PhyGenHOI extends this to human object interaction. It couples a motion diffusion model with a differentiable material point simulator, and only enforces physical consistency at the exact moment of contact. Everything before and after is generated. It produces correct momentum transfer, correct deformation, correct object behaviour, without forcing the entire generation pipeline to obey a hand written physics model.

We are not simulating physics anymore. We are emulating it. This works much better.

You can build a working world model this weekend

Six months ago building an interactive video world model required a 20 person research team and 1000 A100 hours.

Today you can run minWM.

minWM is a full stack open source pipeline that takes any existing public video diffusion model, and converts it into a real time camera controllable autoregressive world model. It implements every required step: fine tuning for camera control, causal forcing, consistency distillation, few step rollout.

It works out of the box on Wan2.1 and HY1.5. It comes with runnable scripts, precomputed checkpoints, and full ablation data for every hyperparameter.

This is not a research prototype. This is a standardised build system for world models. This is the equivalent of Stable Diffusion v1 coming out, except instead of generating images it generates running interactive environments.

The quiet threshold

None of these papers are perfect. All have limitations. None will give you a holodeck next Tuesday.

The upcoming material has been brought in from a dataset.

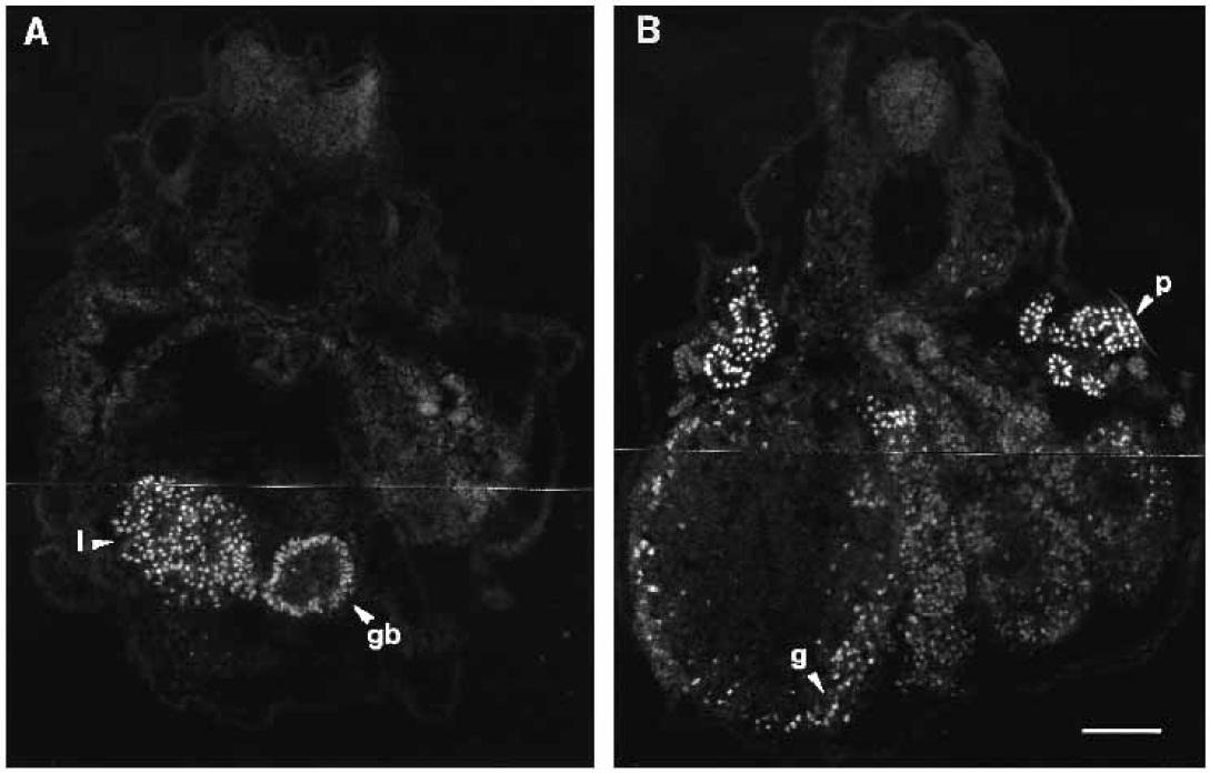 specific staining in the liver (l), gall bladder (gb), pronephric tubules (p) and the epithelial cells of

But look at the list of problems that were open 30 days ago:

  • Long video would always degrade into static. Fixed.
  • We had no objective measure of causal understanding. Fixed.
  • Attention scaling was hitting a hard architectural wall. Fixed.
  • General 4D object dynamics did not exist. Fixed.
  • There was no reusable pipeline for interactive world models. Fixed.

This is not incremental progress. This is the point where a field crosses a threshold. For three years we have been building better and better video generators. This week we stopped. We started building world models.

Nobody put out a press release. Nobody made a viral demo. This is how most important progress happens.